In other words, part of the reason why "All I Want for Christmas Is You" earned its success is because the song is at once backward-sounding in its construction and contemporary in its framing. It shook up the holiday music landscape by demonstrating just how successful an original Christmas song could be — while setting a bar that no other song could reach.

How does the music industry keep the same songs on top?

Appearing on a curated playlist can be a key factor for any song's success. A song that appears on one of those playlists can get 10 to 50 million additional streams, with high positioning an additional multiplier. A song that sits at the top of a popular playlist can get seven times as many streams as the fifth song down on the same list, according to a report by the National Bureau of Economic Research (NBER).

"Everyone wants to be as early as often as you can be in playlists, and we've seen that in recent years where this means a lot to artists," Trust says.

The value is even greater for a holiday hit. While the average song on one of the more popular Spotify playlists will stay on for up to 200 days, according to NBER, an average song on a holiday playlist can stay on for as long as six years, according to an analysis by Chartmetric.

Knowing the benefit of curated playlists, especially ones created by an internal editorial team, labels try each year to improve the positioning of holiday songs. In 2023, Brenda Lee's "Rockin' Around the Christmas Tree" got a push from its label for its 65th anniversary. For a couple of weeks, it actually dethroned Mariah Carey at the top of the Billboard Hot 100.

Maintaining that position is lucrative for everyone. According to a Billboard report, "All I Want For Christmas Is You" generated an estimated $8.5 million in global revenue and publishing royalties for Carey and her label, Sony Music, in 2022 alone. But even for songs that can't hope to reach that height, there is still potential for annual income.

"It's a slow drip, drip, drip over time, but the payoff will set you up for life," says NPR Music critic Stephen Thompson. "A lot of pop stars release holiday music essentially, like putting money in their 401k."
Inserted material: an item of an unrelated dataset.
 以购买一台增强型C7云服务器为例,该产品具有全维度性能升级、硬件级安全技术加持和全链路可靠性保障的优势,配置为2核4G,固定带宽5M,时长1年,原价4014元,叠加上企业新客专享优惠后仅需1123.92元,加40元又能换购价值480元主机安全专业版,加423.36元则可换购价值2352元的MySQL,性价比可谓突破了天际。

When will a new song join the canon?

Even with the odds stacked against new songs, there are a few that have become staples of the season. "Santa Tell Me" by Ariana Grande broke the top 5 of the Holiday 100 last season and Kelly Clarkson's "Underneath the Christmas Tree" entered the top 10. Both songs are currently in this year's top 10. It's been quiet so far in the 2020s; all of the new additions to the canon came out in the 2010s, and took years to appear regularly in Christmas programming.

"You're not looking for immediate headlines," Thompson says. "You're hoping that it catches on like decades and decades out."
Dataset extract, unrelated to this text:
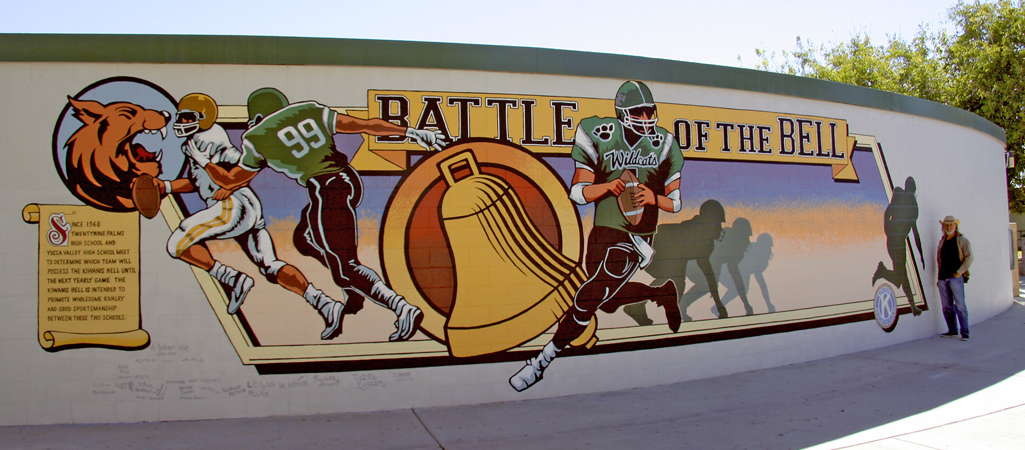 Since 1968, Twentynine Palms High School and Yucca Valley High School football teams have competed in a yearly game to determine which team will possess the Kiwanis Bell, a coveted trophy that was intended to promote wholesome rivalry and good sportsmanship between the two schools. This mural designed by Los Angeles artist Art Mortimer was the city's second Mural-in-a-day project, painted by three assistants and 17 students.

That doesn't mean artists will stop trying. Sabrina Carpenter released an EP titled Fruitcake in 2023, with a Netflix special the following holiday season. Fruitcake is currently in the top 20 Christmas albums, between Burl Ives and Elvis Presley. The Jonas Brothers are attempting to replicate the formula this year, with A Very Jonas Christmas EP paired with a Disney+ holiday movie.

But even when contemporary artists use the power of visuals to imprint themselves on holiday history, they're still competing with established classics .

"Animated videos [came] out with Dean Martin and Frank Sinatra from the '50s and '60s, putting a new spin with a cute little video," says Trust. "It's really a holiday film, and that's a way to make something a little bit fresher."

This year, there's a slate of holiday music released, ranging from new recordings from Brad Paisley to rereleases like Vince Guaraldi's A Charlie Brown Christmas. It's a unique realm in popular music; these songs may vary in style, but they're linked by the same desire to bring listeners into a holiday spirit.

"You can have a twist on a familiar thing," Dr. Autry says, "but people want to hear that the world is still capable of sounding the way they remember it."